Source records
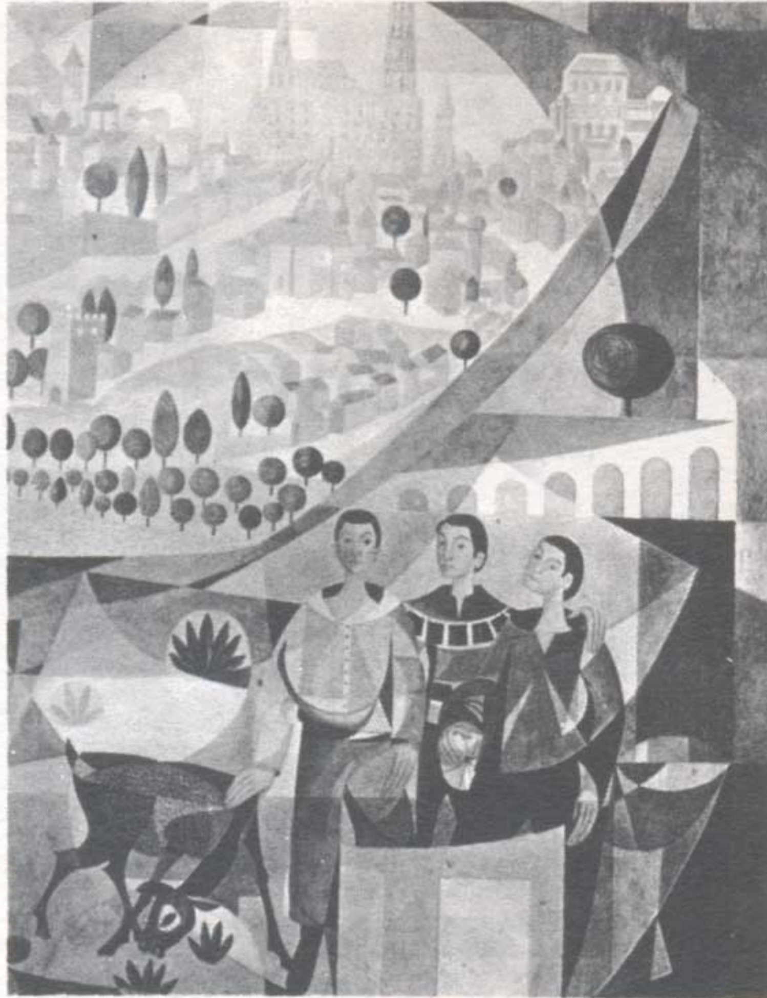
Fragmento del mural de 90 metros cuadrados que decora uno de los vestíbulos del Centro.

Desde la inauguración del Centro, han transcurrido ya dos cursos escolares, durante los cuales se ha trabajado incansablemente por dinamizar al máximo el sistema promocional. No hay que olvidar que fundamentalmente la zona rural toledana se encontraba necesitada de un Centro que respondiera a las exigencias ineludibles de una promoción humana, social y cultural de los hijos de trabajadores. Y en este sentido se han orientado los esfuerzos de las sucesivas Campañas de Becas,
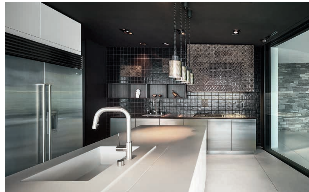
K14 / Cucina Kitchen TILE / Cappa Hood pag. 180 181, 182, 183
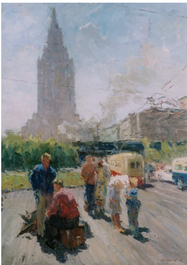
«Каланчевка» (Три вокзала) 1948 х/м 120х90
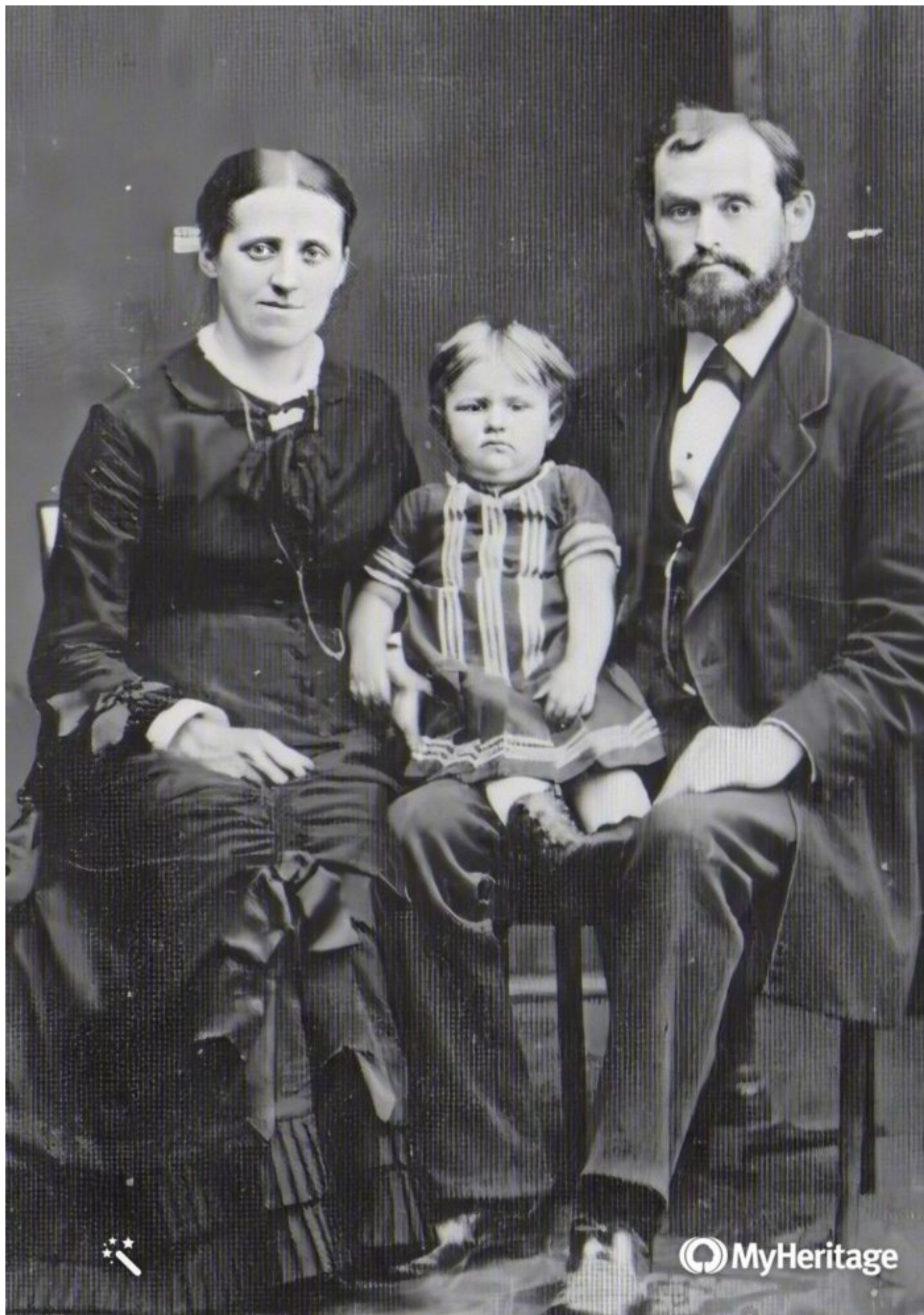
Manželský pár s dcerou
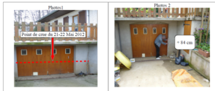
Trace du maximum de la crue sur la porte du garage du 9 rue du nouveau Brin
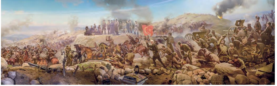
Şekil 6: Sakarya Zaferi Panoraması, Anıtkabir Atatürk ve Kurtuluş Savaşı Müzesi

Kaynak: Türkiye ortaokul 8. sınıf TCİTA ders kitabı, 2018: 93
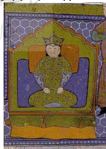
تصویر ۳- سجده کردن قطار بر بت (بخشی از نگاره)
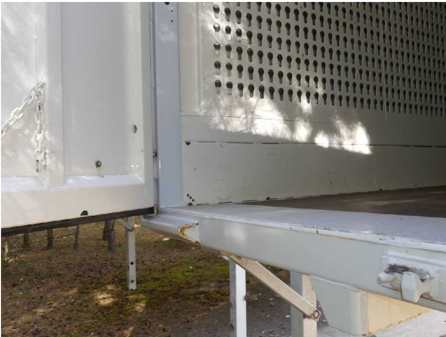
Bild 11 Fahrzeug Rahmen hi.li. korrodiert
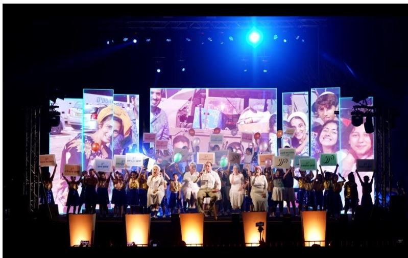
חגיגת יום העצמאות.
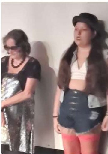
De trabalhadora do Bordel em a Opera do Malandro na Masteecclass do CCBJ 22/03/24
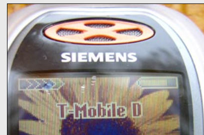
Farbdisplay Siemens ME 55
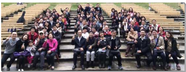
▲聖徒們調生活調心調靈調負擔調行動

我們本於祂，全身藉著每一豐富供應的節，並藉著每一部分依其度量而有的功用，聯絡並結合在一起，
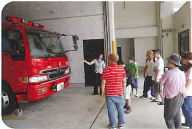
▲消防車って大きいな

体験中は表情や体をこわばらせていました。体験が終わった後は「怖かった」という感想が出るなど、災害の恐ろしさや身の守り方をしっかりと学ぶ貴重な経験となりました。
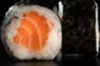
هوسو ماکي سالمون Hoso Maki Salmon 3 OMR
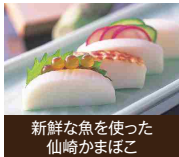
新鮮な魚を使った仙崎かまぼこ
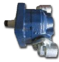
MOTOR DE ENGRANAJES GRUPO III Pmax=250 bar GEARED MOTOR GROUP III Pmax=250 bar MOTEUR ENGRENAGES GROUPE III Pmax = 250 bar MOTOR GETRIEBE GRUPPE III Pmax=250 bar
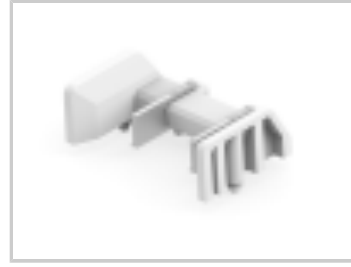
TWO-PIECE POKE-IN, 8MM HEADER, 2 POS
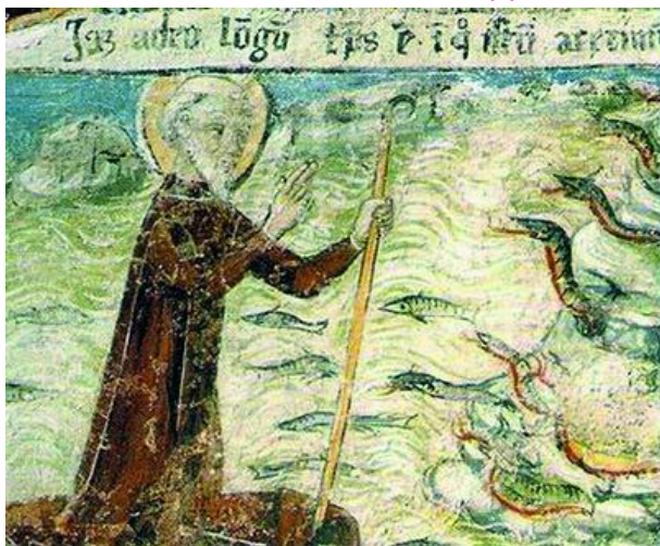
Прп. Иулий изгоняет змей с острова. Роспись церкви прп. Иулия на острове Сан-Джулио, XV в. http://www.npravenc.ru/text/1237871.html
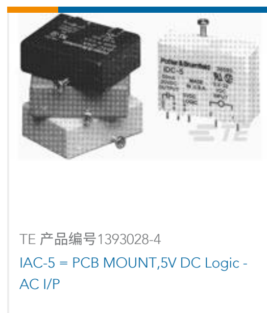
TE 产品编号 1393028-4 IAC-5 = PCB MOUNT, 5V DC Logic - AC I/P
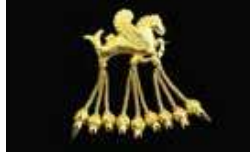
Karun Hazinesi Kanatlı Denizati Broşu
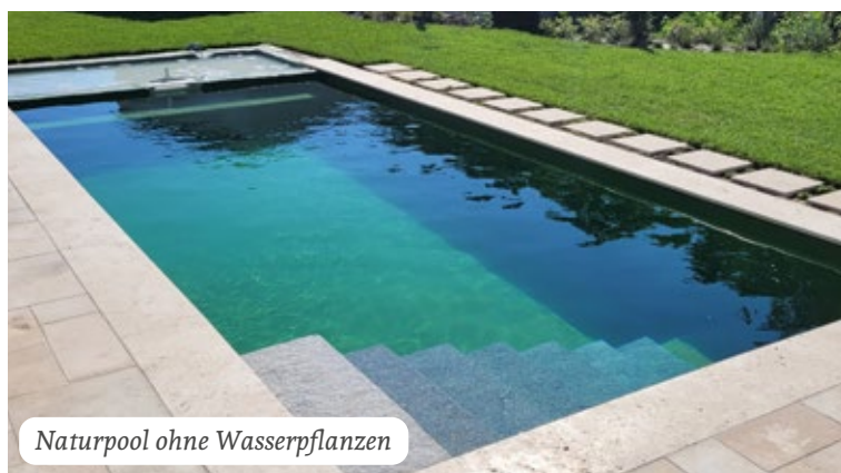
Naturpool ohne Wasserpflanzen
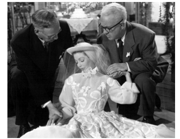
1951 MADAME SORT À MINUIT (Half Angel) de Richard Sale avec Loretta Young
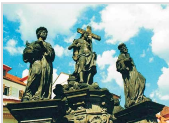
Ryc. 5. Święci Kosma i Damian. Pomnik na moście Karola w Pradze
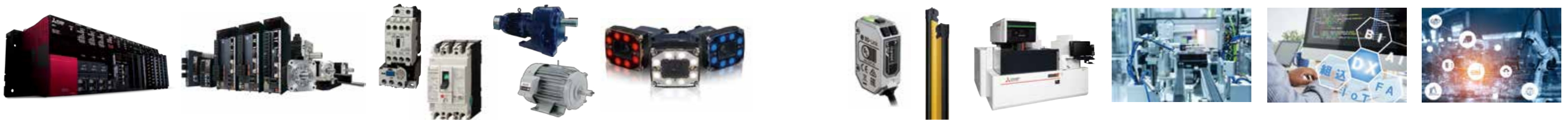
データ活用、AI活用、 スマートファクトリー Data utilization, AI utilization, and Smart-Factory
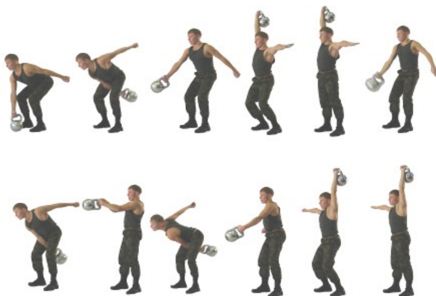
Рис. 21. Рывок гири

Установлены две весовые категории: до 70 кг, 70 кг и выше.
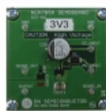
NCP785AH33GEVB AMI Semiconductor / ON Semiconductor EVAL BOARD NCP785AH33G
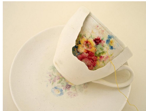
Bouquet , Michelle Taylor, 2013 céramique et broderie
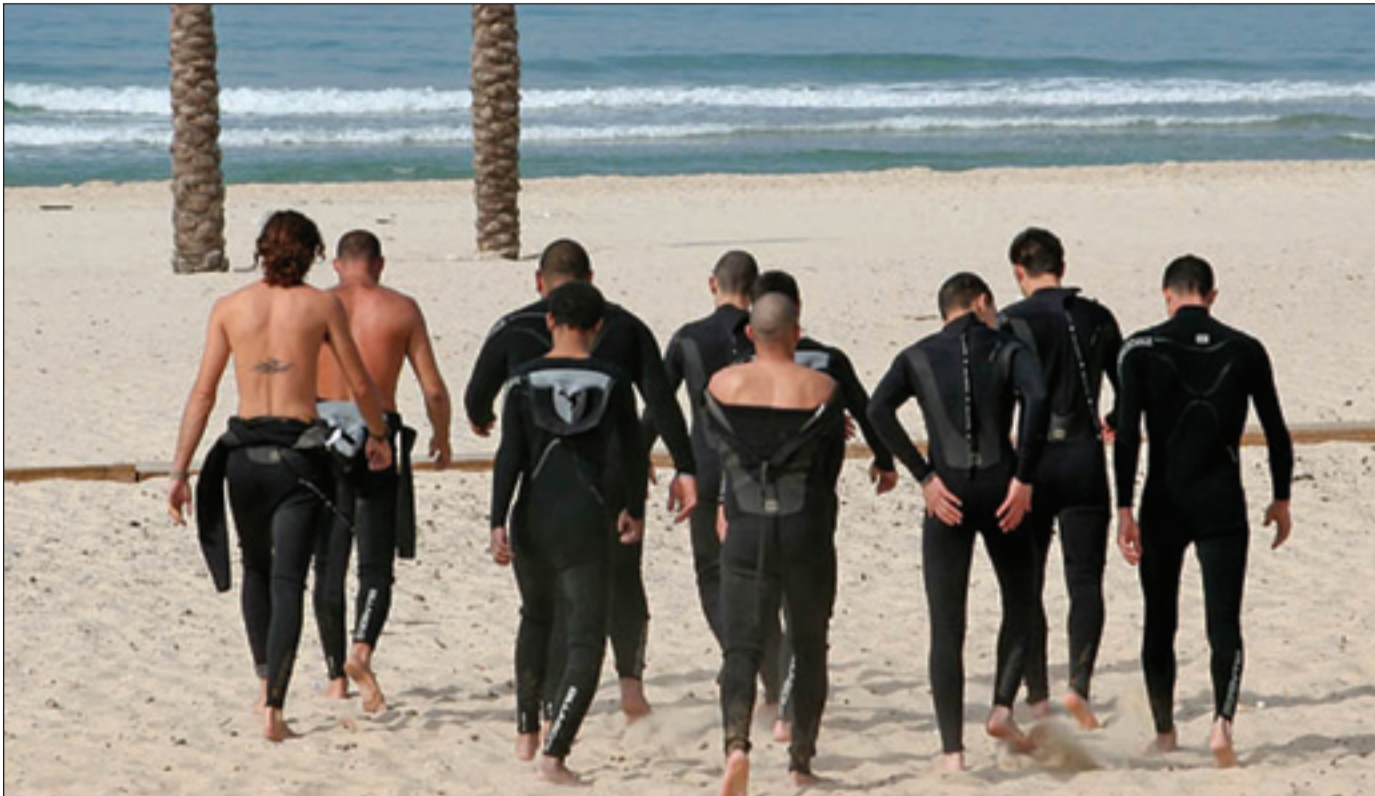
נערי אבן דרך בפעילות אתגרית
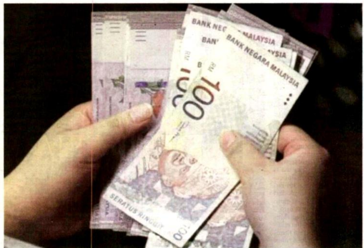
PENIAGA mesti jujur dalam meletak dan menentukan harga barang supaya pembeli dapat membuat keputusan sama ada membeli atau tidak.

Jelasnya, Nabi SAW memerintahkan supaya tidak ada
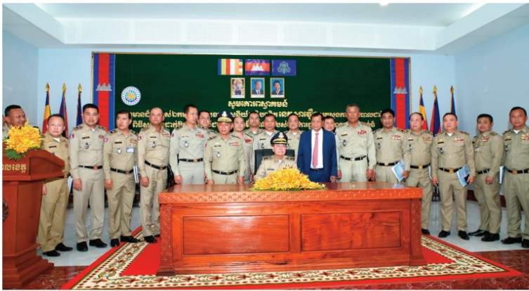
តាមកំណត់ ២២

ទីភ្នាក់ងារចាក់ប្រាក់ប្រើប្រាស់ប្រព័ន្ធនៃ ០៣ខ្សែ បំពាក់សម្ភារ ឧបករណ៍ យ៉ាងរឹងមាំ ត្រូវបាន កម្ពុជា គ្រឿងបំពាក់សម្ភារ គ្រឿង សម្ភាររឹង កុ កៅអី ដំបូងជាតិ និងដំបូង ដើមឈើចម្រុះ ដូចជានូវទៀត សមិទ្ធផល ទាំងនេះបានចំណាយថវិកាសម្រាប់សាងសង់ និងជួសជុលសរុបចំនួន ៦៦៥៥៤៩៤៩ ដុល្លារអាមេរិក ដោយមិនប្រើប្រាស់ ថវិកាប្រចាំឆ្នាំនោះទេ ដោយថវិកានេះ បានមក ពីការរៀបចំឧបត្ថម្ភរបស់សហប្រតិបត្តិការ និង ក្រុមហ៊ុននានា តាមរយៈការរំពារនាវា ចូលរួមរកវិធីសាសនាសម្រាប់ការ និង ជាពិសេស ឯកឧត្តម នាយឧត្តមលេនីយ៍ ខេង សុខុម រក្សាស្នូលការអនុវត្តការងារ ជាតិ ដែលតែងតែជួយឧបត្ថម្ភគាំទ្រក្នុង សកម្មភាពសាងសង់នេះ ។
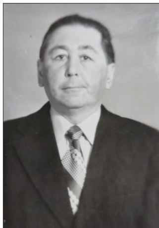
Figura 2. M. c. Vl. Țaranov, director al Institutului de Istorie al Academiei de Științe a RSS Moldovenești, 1981 [14].

Europei) (vol. I, 1988; vol. II, 1992); История СССР с древних времен до наших дней (Istoria URSS din cele mai vechi timpuri până în zilele noastre) (vol. XI, Moscova, 1980). De asemenea, el a participat la redactarea științifică a mai multor monografii, lucrări de sinteză, culegeri de studii și documente, reviste, enciclopedii etc.

## Task to complete
Only one stretch of the entries above is needed: the lines from the one containing "נערי אבן דרך בפעילות אתגרית" through the one containing "តាមកំណត់ ២២". Copy it exactly, without the pictures.

## Response to this task
נערי אבן דרך בפעילות אתגרית
PENIAGA mesti jujur dalam meletak dan menentukan harga barang supaya pembeli dapat membuat keputusan sama ada membeli atau tidak.

Jelasnya, Nabi SAW memerintahkan supaya tidak ada
តាមកំណត់ ២២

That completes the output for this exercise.